苏岑一想到上次,目光又不自觉落回角落那一排画框,上次说把那幅画送他,话题被转走,最终,他没说要也没说不要。
“我今天也没事,可以回学校。不过……我们是不是还能找机会讨论一下信托的事?”她轻声提醒,这毕竟是让两人凌晨相聚在此的主线任
务。
“嗯,记得。”他筷子顿了顿,“有几个问题我得问问刘骋。正好,看完老师一起聊。”
他抬眼看向她,“你介意吗?他如果需要给出建议,得多了解些情况。”
苏岑摇头,“不介意,本来也是我在寻求帮助,你们尽管问。”
“内个……”她想到床边那个靠枕,犹豫半晌,问他,“我昨晚……没有做什么奇怪的事吧。”

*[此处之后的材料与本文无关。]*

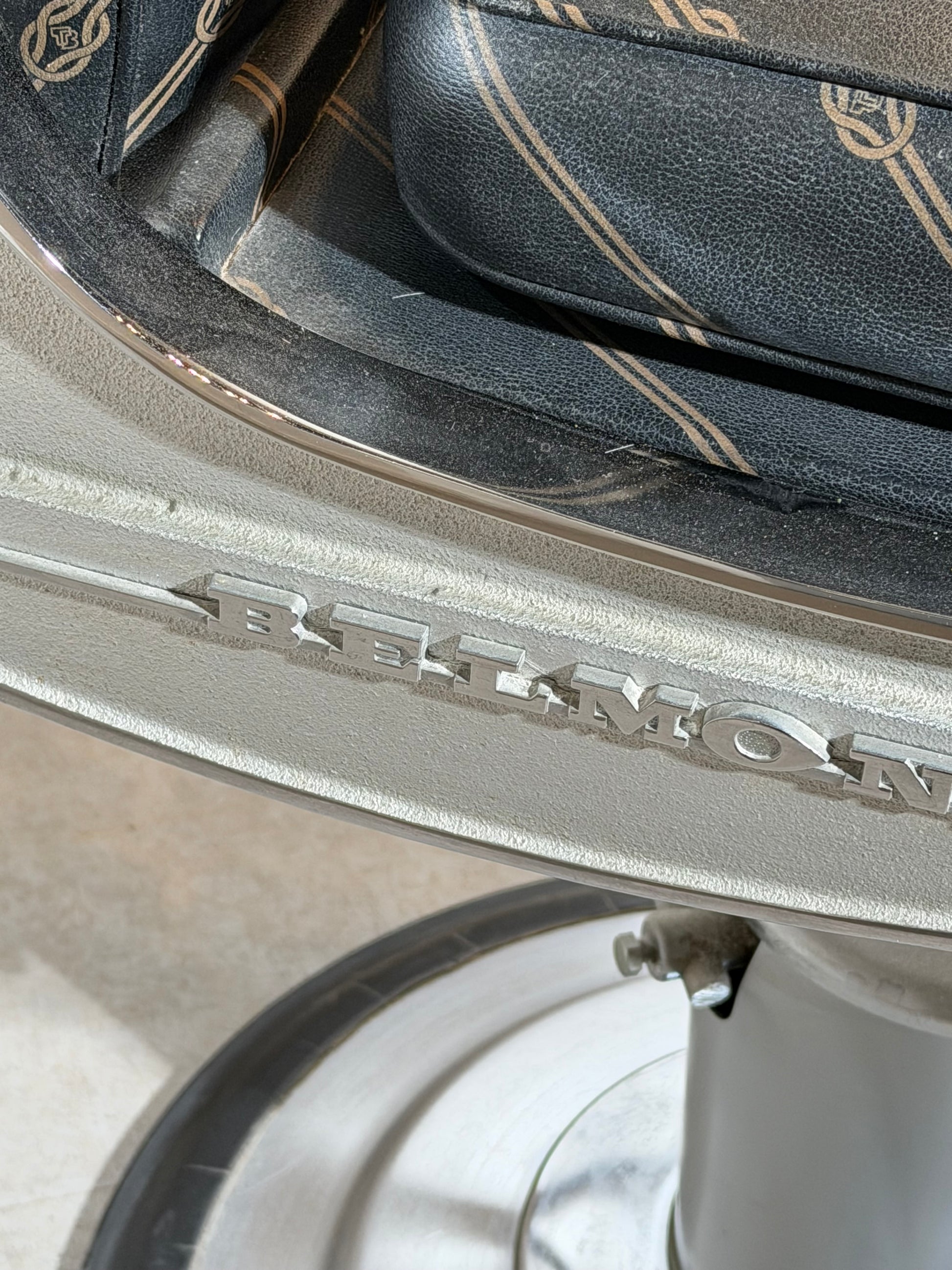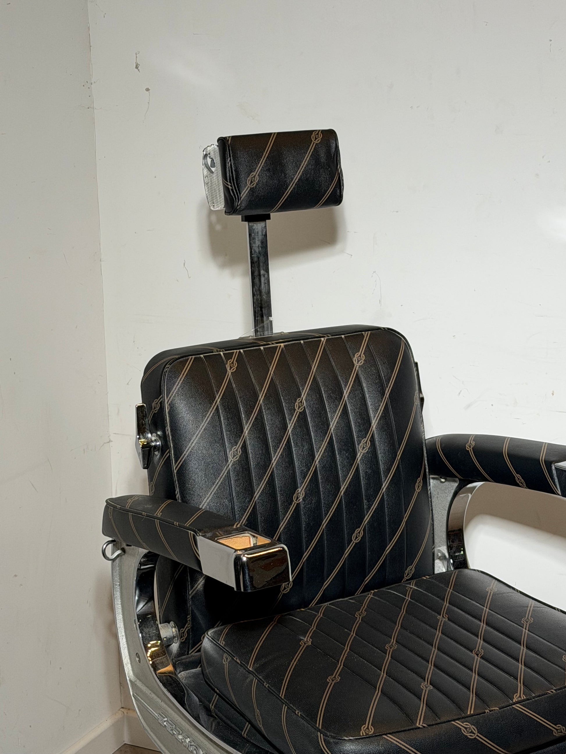 The chair features a heavy cast metal base, adjustable height mechanism, reclining backrest, extendable headrest and integrated footrest. Upholstered in original black upholstery with diagonal stitched pattern, it retains a strong graphic presence while remaining comfortable and functional. The polished metal arm structure and solid engineering reflect the quality and durability for which Belmont is known.
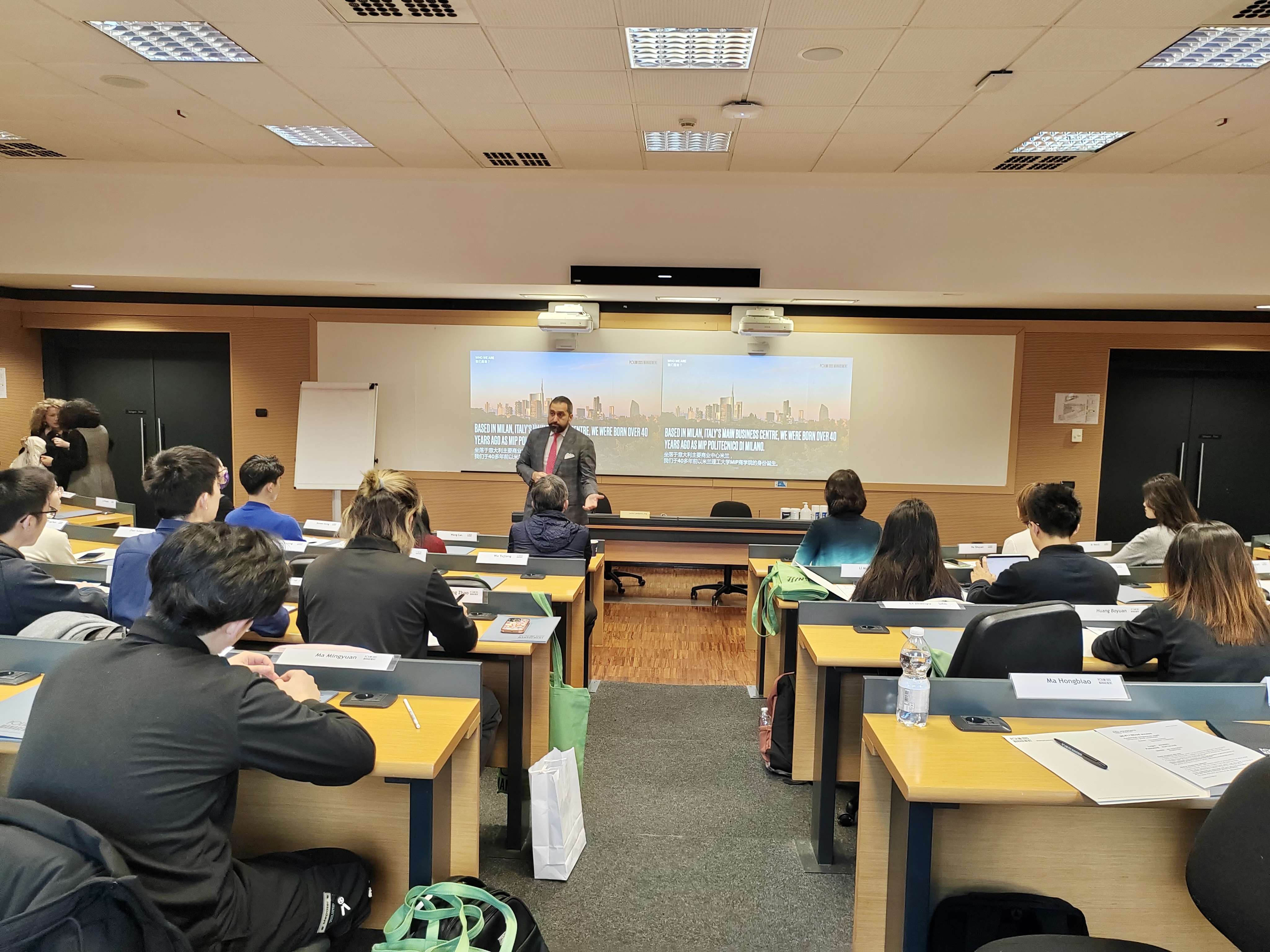 在游学环节,米兰理工大学卢西奥·兰博迪(Lucio Lamberti)教授首先介绍了GSoM管理学院的概况,支队成员了解了米兰理工大学的历史和近些年与中国的交流情况。随后,露西亚·皮西泰洛(Lucia Piscitello)教授和黛博拉·阿戈斯蒂诺(Deborah Agostino)教授分别围绕国家创新能力评估和意大利文化遗产创新进行授课,为支队成员深入了解意大利的科技创新和文化创新提供了新的理论视角。活动最后,卢西奥·兰博迪(Lucio Lamberti)教授为全体支队成员授予游学项目的结业证书。

虽然每次解离状态之后的事,她都记忆清晰,但最近病情有变,出现新症状也未可知。
“什么行为算奇怪?”陆乾从碗里抬眼。
“就是……我记得那个抱枕,好像是在椅子上的,但早上发现到了我床边的地毯上……我不知道是不是我精神状态不稳定,又意识给它拿过去了……之类的。”

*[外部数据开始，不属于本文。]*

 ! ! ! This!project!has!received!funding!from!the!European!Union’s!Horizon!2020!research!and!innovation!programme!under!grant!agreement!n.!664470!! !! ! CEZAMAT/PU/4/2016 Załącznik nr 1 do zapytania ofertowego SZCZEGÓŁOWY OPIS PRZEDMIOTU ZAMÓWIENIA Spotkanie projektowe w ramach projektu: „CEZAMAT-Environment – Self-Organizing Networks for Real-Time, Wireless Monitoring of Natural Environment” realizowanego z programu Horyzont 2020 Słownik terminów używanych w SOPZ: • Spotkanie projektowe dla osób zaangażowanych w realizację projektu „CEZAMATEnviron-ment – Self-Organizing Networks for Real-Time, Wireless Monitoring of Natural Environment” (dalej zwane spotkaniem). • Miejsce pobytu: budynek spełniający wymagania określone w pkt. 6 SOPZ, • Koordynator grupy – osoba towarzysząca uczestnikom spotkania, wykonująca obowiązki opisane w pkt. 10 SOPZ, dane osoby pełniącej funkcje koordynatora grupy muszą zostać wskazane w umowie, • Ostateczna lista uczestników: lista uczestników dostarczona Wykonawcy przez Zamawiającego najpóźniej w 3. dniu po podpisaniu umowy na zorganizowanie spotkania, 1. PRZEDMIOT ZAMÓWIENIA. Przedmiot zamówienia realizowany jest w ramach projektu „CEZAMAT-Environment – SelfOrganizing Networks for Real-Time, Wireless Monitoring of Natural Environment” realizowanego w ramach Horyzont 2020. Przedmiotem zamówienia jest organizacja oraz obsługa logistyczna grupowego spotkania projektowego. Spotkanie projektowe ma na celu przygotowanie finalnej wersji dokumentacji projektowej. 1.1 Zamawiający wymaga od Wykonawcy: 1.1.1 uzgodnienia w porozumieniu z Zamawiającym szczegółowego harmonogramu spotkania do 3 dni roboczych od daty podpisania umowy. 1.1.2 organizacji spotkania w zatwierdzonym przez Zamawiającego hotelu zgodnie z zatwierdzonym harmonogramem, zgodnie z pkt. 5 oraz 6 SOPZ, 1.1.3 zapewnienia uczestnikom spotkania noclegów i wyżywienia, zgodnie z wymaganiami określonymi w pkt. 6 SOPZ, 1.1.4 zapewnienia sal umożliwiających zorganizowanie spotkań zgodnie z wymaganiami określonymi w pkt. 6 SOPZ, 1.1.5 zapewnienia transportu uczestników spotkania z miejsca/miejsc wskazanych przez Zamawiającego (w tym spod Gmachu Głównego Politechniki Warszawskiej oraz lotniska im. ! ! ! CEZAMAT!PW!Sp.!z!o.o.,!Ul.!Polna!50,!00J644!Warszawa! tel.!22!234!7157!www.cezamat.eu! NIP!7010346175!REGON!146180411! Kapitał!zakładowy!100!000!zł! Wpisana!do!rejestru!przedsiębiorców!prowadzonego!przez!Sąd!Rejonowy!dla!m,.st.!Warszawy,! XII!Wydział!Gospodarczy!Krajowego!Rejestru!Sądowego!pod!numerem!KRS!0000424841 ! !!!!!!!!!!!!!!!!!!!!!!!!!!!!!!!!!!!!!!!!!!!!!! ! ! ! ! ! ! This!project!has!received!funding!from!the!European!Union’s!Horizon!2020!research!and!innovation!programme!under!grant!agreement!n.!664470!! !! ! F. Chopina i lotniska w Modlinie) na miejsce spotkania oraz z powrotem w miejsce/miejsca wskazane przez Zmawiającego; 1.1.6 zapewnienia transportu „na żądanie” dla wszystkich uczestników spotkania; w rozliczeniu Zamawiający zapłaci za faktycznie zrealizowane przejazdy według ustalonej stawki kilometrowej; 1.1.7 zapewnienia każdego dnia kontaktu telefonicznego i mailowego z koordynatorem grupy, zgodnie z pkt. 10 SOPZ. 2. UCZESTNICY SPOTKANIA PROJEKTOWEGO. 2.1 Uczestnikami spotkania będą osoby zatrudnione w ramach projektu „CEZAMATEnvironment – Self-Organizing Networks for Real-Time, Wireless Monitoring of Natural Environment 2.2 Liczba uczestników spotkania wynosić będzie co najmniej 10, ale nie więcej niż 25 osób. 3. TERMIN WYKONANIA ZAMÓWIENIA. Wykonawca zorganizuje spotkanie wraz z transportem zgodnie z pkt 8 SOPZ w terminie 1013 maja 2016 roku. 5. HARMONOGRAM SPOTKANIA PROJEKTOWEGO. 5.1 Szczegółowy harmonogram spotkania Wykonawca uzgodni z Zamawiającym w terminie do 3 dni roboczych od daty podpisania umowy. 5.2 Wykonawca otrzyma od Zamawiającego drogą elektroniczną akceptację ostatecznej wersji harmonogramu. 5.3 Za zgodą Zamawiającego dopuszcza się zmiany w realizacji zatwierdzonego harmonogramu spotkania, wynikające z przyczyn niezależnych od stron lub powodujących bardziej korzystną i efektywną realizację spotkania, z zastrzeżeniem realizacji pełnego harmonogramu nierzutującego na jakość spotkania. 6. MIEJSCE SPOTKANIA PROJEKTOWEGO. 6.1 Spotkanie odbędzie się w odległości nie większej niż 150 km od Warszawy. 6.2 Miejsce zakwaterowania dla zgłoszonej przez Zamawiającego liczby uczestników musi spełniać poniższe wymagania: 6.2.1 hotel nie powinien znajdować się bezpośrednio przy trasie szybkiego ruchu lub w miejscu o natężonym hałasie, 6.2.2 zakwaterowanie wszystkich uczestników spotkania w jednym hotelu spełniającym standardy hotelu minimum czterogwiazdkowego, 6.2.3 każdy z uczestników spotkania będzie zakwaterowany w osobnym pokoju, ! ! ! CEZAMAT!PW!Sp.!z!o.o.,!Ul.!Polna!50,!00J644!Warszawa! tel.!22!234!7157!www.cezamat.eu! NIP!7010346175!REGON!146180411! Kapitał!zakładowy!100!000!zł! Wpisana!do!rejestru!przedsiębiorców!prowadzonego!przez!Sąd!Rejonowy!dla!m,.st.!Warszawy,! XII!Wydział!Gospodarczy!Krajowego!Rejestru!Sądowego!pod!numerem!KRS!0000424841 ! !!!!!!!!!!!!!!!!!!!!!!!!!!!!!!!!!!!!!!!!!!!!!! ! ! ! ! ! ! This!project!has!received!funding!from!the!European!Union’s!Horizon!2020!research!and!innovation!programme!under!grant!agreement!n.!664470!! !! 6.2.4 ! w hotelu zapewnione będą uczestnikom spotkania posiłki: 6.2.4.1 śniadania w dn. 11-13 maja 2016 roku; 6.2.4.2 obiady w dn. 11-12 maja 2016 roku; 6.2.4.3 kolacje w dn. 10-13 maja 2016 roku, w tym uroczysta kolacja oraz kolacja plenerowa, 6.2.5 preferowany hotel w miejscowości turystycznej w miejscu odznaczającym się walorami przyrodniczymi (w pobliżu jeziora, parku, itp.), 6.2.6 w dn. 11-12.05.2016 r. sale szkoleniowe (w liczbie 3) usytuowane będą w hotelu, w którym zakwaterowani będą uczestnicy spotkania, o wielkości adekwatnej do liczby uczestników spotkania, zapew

“哦,那是我拿过去坐了会,抱歉。”他又垂头喝了口粥,语气平淡,“介意的话,洗一下吧。”
“哦……”她顿了顿,还是问,“不过,你又为什么会坐那儿呢?”
陆乾放下碗,抬眸看她,神色如常,仿佛在聊今日天气。
“昨晚,你睡到一半,开始说梦话。头一直动来动去,我以为你醒了在叫我,就过去看看。”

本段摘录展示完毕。